Актер стал рассказывать похабные анекдоты, высыпая их как из мешка, и женщины визжали от восторга, сгибались пополам от смеха и отваливались на спинки кресел. Вельтман, долго шептавшийся с Пашей, незаметно, под шумок, ускользнул из кабинета, а через несколько минут после него ушла и Паша, улыбаясь своей тихой, безумной и стыдливой улыбкой.

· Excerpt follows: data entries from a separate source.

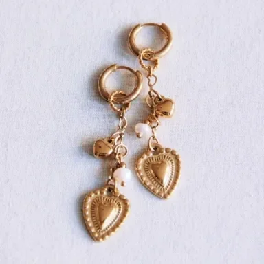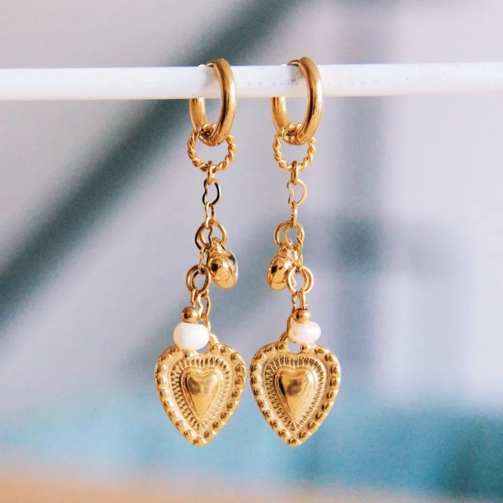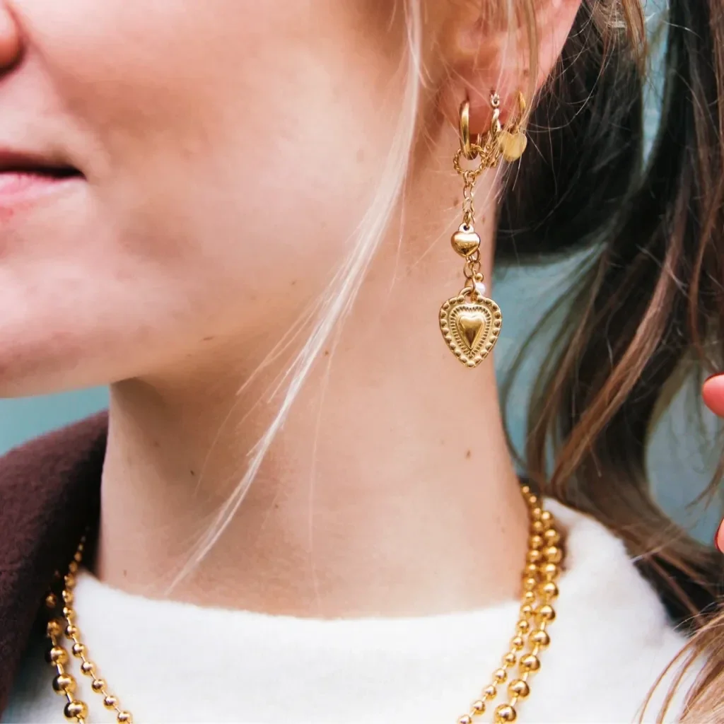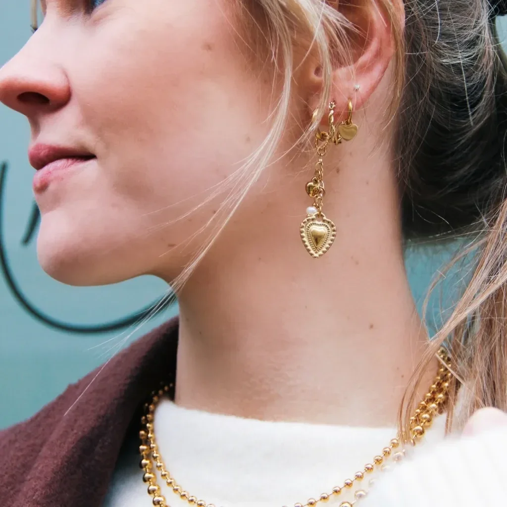 Met deze sierlijke draadoorbellen val jij gelijk op. Perfect om jouw basic look een extra touch te geven. Aan de draadoorbel hangen verschillende hartjes en parels. Scoor deze beauty’s snel!
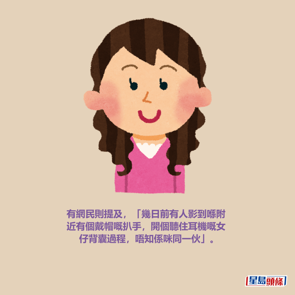 有網民則提及,「幾日前有人影到喺附近有個戴帽嘅扒手,開個聽住耳機嘅女仔背囊過程,唔知係咪同一伙」。
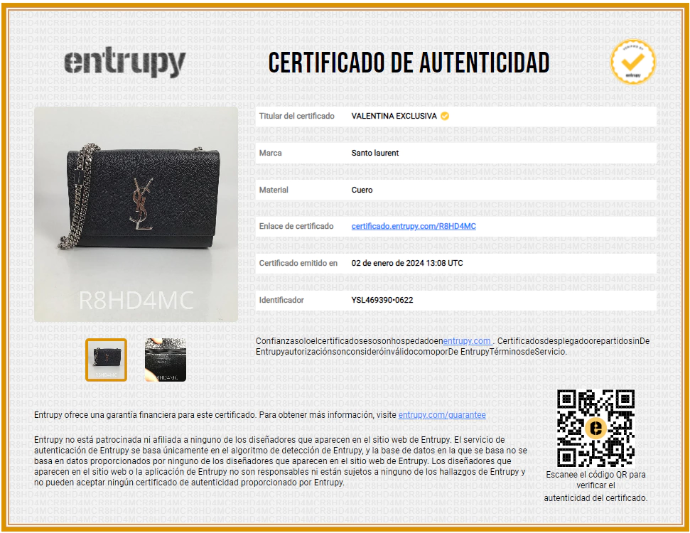 ¿Cómo recibo el certificado Entrupy? Si aplica, recibirás el certificado impreso. También puedes descargarlo directamente desde la página oficial de Entrupy utilizando tu número de certificado único, que se indica en "Detalles del Producto".
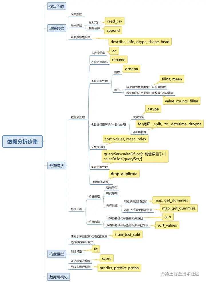 Python数据分析五大步骤 阿巴学python 2020-12-14 115 阅读1分钟 不管是用excel还是用Python, 数据分析过程都遵循一样的套路。在学习完Python的基础知识之后,我把用Python进行数据分析过程中涉及的函数都标注了出来以方便后来回忆查看。 文章转载 作者:不认输的猪猪女孩 来源:知乎
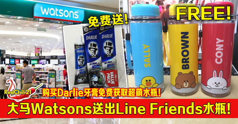 ▼Watsons这里还有买有免费送出Darlie Line Friends超萌水瓶
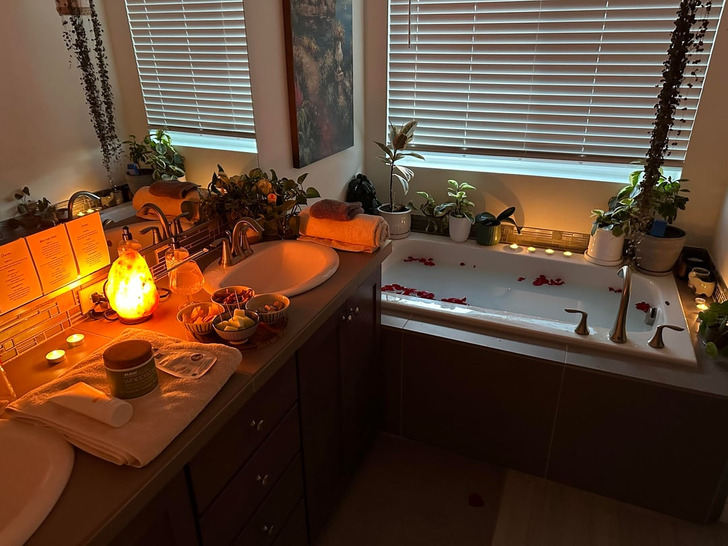 Меня больше смущают цветы в горшках на краю ванны. Они там на постоянной основе стоят, и не падают, когда кто-то в ванне сидит и в активном процессе мытья?
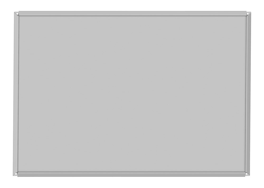 Hanging metal wall, color silver RAL 9006. Height 866 x width 1214 x depth 9 mm. Weight 9.5 kg.
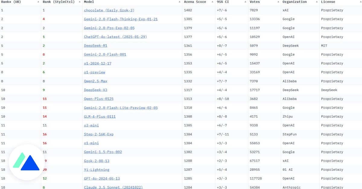 Renaud Lifchitz 11 months ago IA : le top 10 des modèles les plus performants en février 2025 BDMIA : le top 10 des modèles les plus performants en février 2025Ce mois-ci, Grok crée la surprise et se positionne en tête de la Chatbot Arena. Découvrez le classement complet. #nostrfr
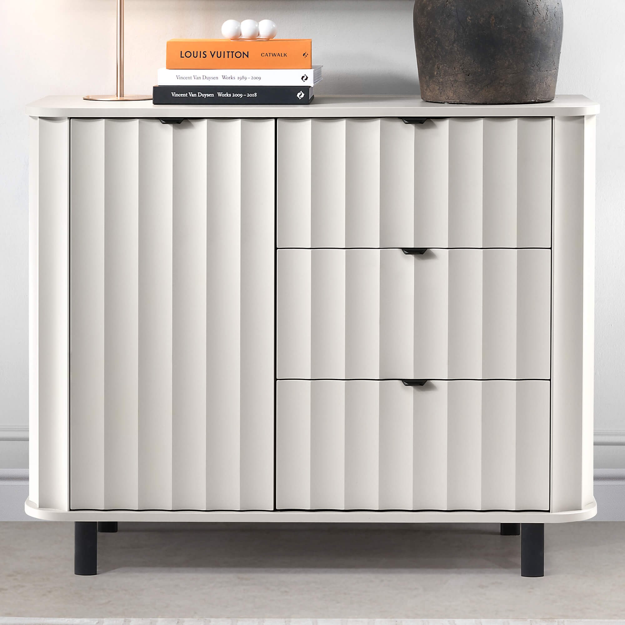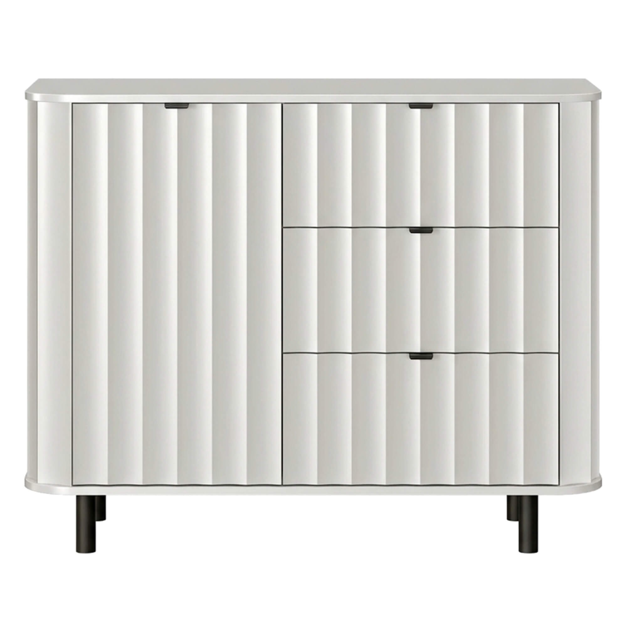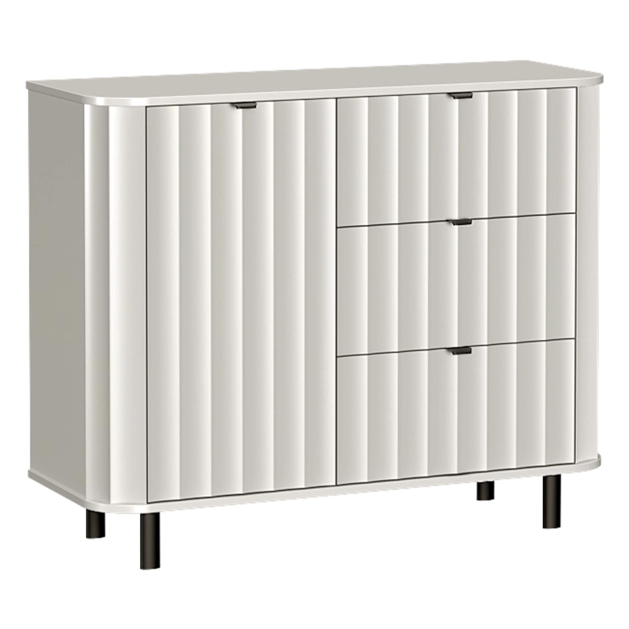 Komoda NOVADO-3 to wyjątkowy mebel, który łączy w sobie elegancję, nowoczesny styl i praktyczność. Wykończenie w kolorze bieli alpejskiej skutecznie rozjaśnia wnętrze, nadając mu lekkości i świeżości. Charakterystycznym elementem są pionowe frezowania na frontach MDF, które wprowadzają do aranżacji nowoczesny rytm i luksusowy sznyt, przyciągając wzrok każdego gościa.
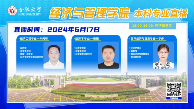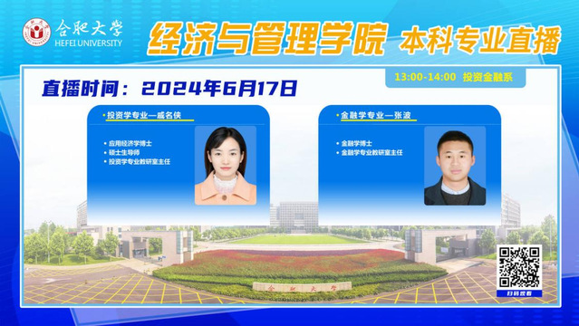 2024年6月17日,合肥大學(xué)經(jīng)濟(jì)與管理學(xué)院各專業(yè)負(fù)責(zé)人走進(jìn)直播間,通過(guò)在線直播的形式,連接學(xué)生與高校,讓未來(lái)的大學(xué)生們?cè)谄聊磺熬湍軌蛏钊肓私馕以旱谋究茖I(yè)設(shè)置、課程內(nèi)容、師資力量、就業(yè)前景及校園生活等方方面面的信息。 本次直播涉及到物流管理系、經(jīng)濟(jì)貿(mào)易系、財(cái)務(wù)會(huì)計(jì)系以及投資金融系共10個(gè)普通本科專業(yè)和1個(gè)物流管理對(duì)外合作專業(yè)。各位專業(yè)負(fù)責(zé)人從專業(yè)培養(yǎng)目標(biāo)、專業(yè)特色以及就業(yè)前景等多個(gè)方面全面介紹了各個(gè)專業(yè)“是什么”、“學(xué)什么”以及“干什么”的問(wèn)題。
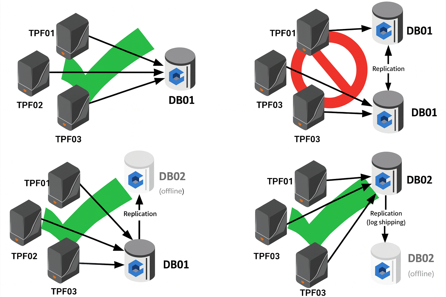 Use of a secondary database for disaster recovery (for example, log-shipping/replication) is allowed when all Trust Protection Foundation instances use a single active database.

Да и все остальные студенты, кроме Лихонина, один за другим, кто потихоньку, кто под каким-нибудь предлогом, исчезали из кабинета и подолгу не возвращались. Володе Павлову захотелось поглядеть на танцы, у Толпыгина разболелась голова, и он попросил Тамару провести его умыться, Петровский, тайно перехватив у Лихонина три рубля, вышел в коридор и уже оттуда послал экономку Зосю за Манькой, Беленькой. Даже благоразумный и брезгливый Рамзес не смог справиться с тем пряным чувством, какое в нем возбуждала сегодняшняя странная яркая и болезненная красота Жени. У него оказалось на нынешнее утро какое-то важное, неотложное дело, надо было поехать домой и хоть два часика поспать. Но, простившись с товарищами, он, прежде чем выйти из кабинета, быстро и многозначительно указал Жене глазами на дверь. Она поняла, медленно, едва заметно, опустила ресницы в знак согласия, и когда опять их подняла, то Платонова, который, почти не глядя, видел этот немой разговор, поразило то выражение злобы и угрозы в ее глазах, с каким она проводила спину уходившего Рамзеса. Выждав пять минут, она встала, сказала: «Извините, я сейчас», – и вышла, раскачивая своей оранжевой короткой юбкой.
– Что же? Теперь твоя очередь, Лихонин? – спросил насмешливо репортер.